5. How do you envision the future of the field? What are the areas/topics that you believe deserve more attention?
The philosophy of chemistry deserves more attention quite generally! I suspect that many chemists don’t even really recognize it as a field of inquiry. One topic that particularly interests me here is, as I hinted above, the relationship between the way chemists think about developing higher-order structure and function and the way it happens in the natural world. It would be nice too if the philosophy of chemistry could help us come to some consensus about the best way to arrange the periodic table – but I’m not holding my breath about that!
The history of chemistry seems to me to be a pretty robust field these days, and has done a great job (if perhaps still under-recognized) of challenging outdated views about the roles of alchemy. But there is still a lack of knowledge and scholarship about the early history of chemistry outside the western tradition, for example in China and India. I’d be keen to know more about that. I am also rather enjoying the fact that some of the areas of chemistry in which I was involved (as a Nature editor) in the 1980s and 90s, such as supramolecular chemistry, carbon nanotechnology, and the early days of “chemical biology” and synthetic biology, are now old enough that they are coming within the purview of historians. I suppose that’s one benefit of having been around for a long time now!
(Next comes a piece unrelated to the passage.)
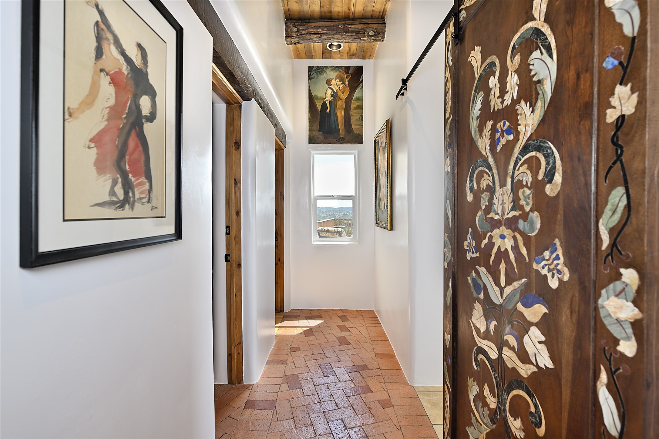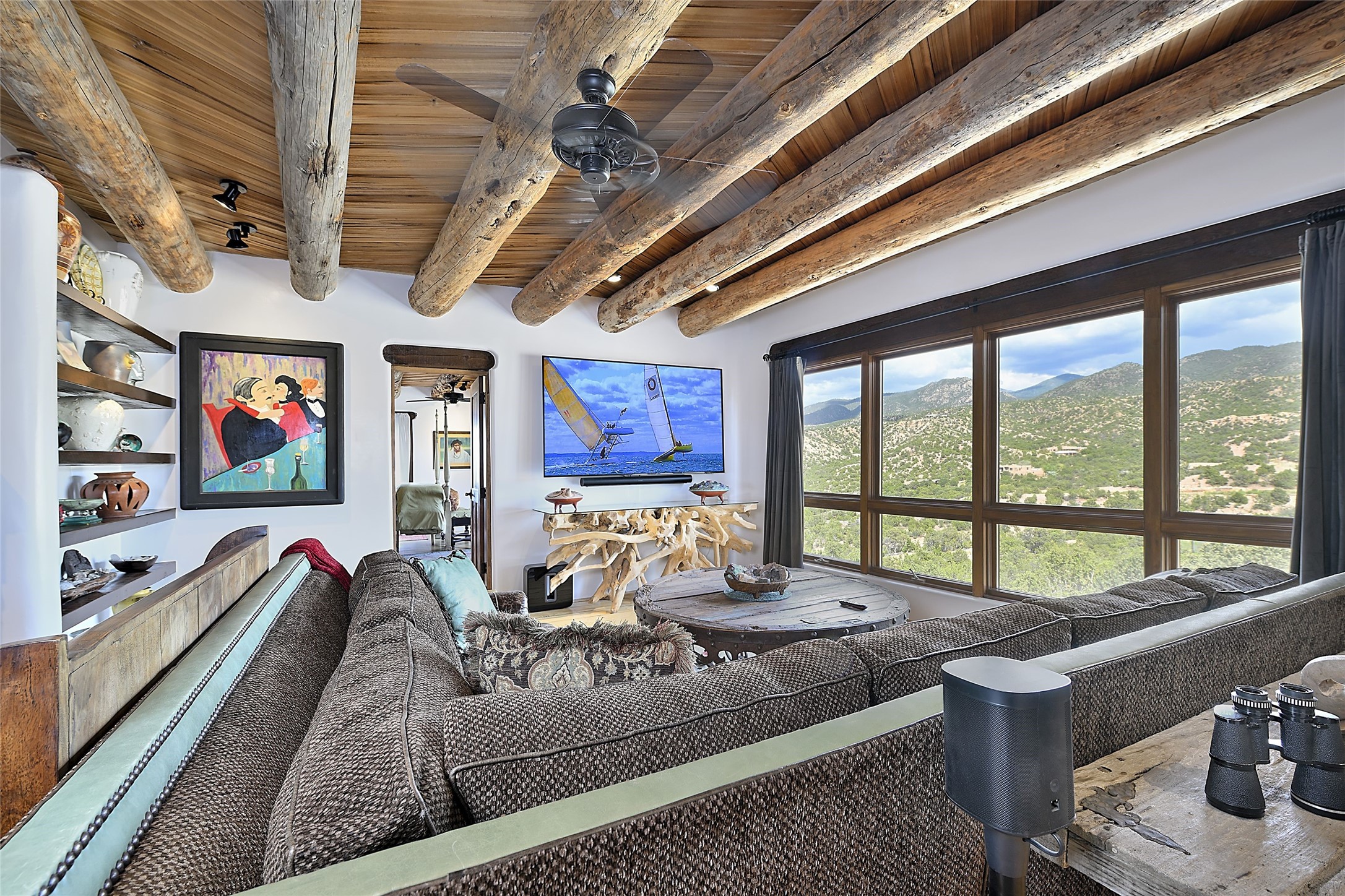 Welcome to this breathtaking 10-acre estate in the prestigious Tesuque community, where luxury meets unparalleled natural beauty. Quite possibly the best views in Tesuque, perched majestically on a private mountaintop, lovingly nicknamed "Top of Tesuque," offering 360-degree panoramic views that make you feel as though you're sitting atop the world. Spanning approximately 6,614 sq ft, this 4-bedroom home is a masterpiece of design and function, featuring many new upgrades for a modern lifestyle. This fully restored and expanded adobe home seamlessly blends classic Santa Fe design with modern upgrades, preserving its timeless charm. This property has a new roof, lighting, stucco. Truly turn-key in every way. Inside, the floor plan seamlessly blends indoor and outdoor living, creating an ideal setting for both relaxation and entertaining, including 6 Kiva Fireplaces as well as 1 wood-burning stove. The brand-new kitchen features handcrafted solid wood cabinetry and top-of-the-line luxury appliances, perfect for any culinary enthusiast, while the adjacent dining and living areas boast spectacular views. The primary bedroom suite includes a separate sitting room, offering a private retreat within the home. Enjoy the convenience of a dedicated office space and den, a media room, as well as a game room complete with a wet bar, perfect for hosting guests. Step outside to the covered portal with outdoor kitchen & TV, complete with matching granite countertops, where you can entertain in style. The outdoor kitchen has all new (never been used) grill, pizza oven and smoker! Terraced gardens also feature a brand-new (never been used) Sauna and Hot Tub. A newly built garage has an observation deck on top. There are new entrance gates for privacy, a new driveway surface, and new additional parking areas ensure privacy and convenience. The addition of an electric lift from ground level to main level of residence also ensures accessibility and ease for loading and unloading. Mexican Porcelain tile terrace at the front entrance welcomes you. There is an enclosed dog park, as well as fully irrigated garden beds surrounding the house. The property is beautifully illuminated with 40 handmade copper light fixtures, adding a timeless touch to the outdoor spaces. With no HOA restrictions, this home offers the freedom and tranquility you've been searching for in the village of Tesuque.

6. A recently published paper or book that you would recommend reading?
I have heard only good things about Catherine Jackson’s book Molecular World: Making Modern Chemistry, and so I’m really looking forward to being able to get stuck into my copy. Matthew Cobb’s forthcoming biography of Francis Crick is sure to be amazing too. As for things I have actually read… Alison Bashford’s joint biography of the Huxleys (especially T. H. and Julian), An Intimate History of Evolution, is packed with insight and intrigue. And I’m seeing interesting scientific papers all the time. To take just one: “In-cell dynamics: the next focus of all-atom simulations” by Taras Pogorelov and colleagues (J. Phys. Chem. B 10.1021/acs.jpcb.3c05166) raised a host of questions for me about the large-scale molecular dynamics of the cell.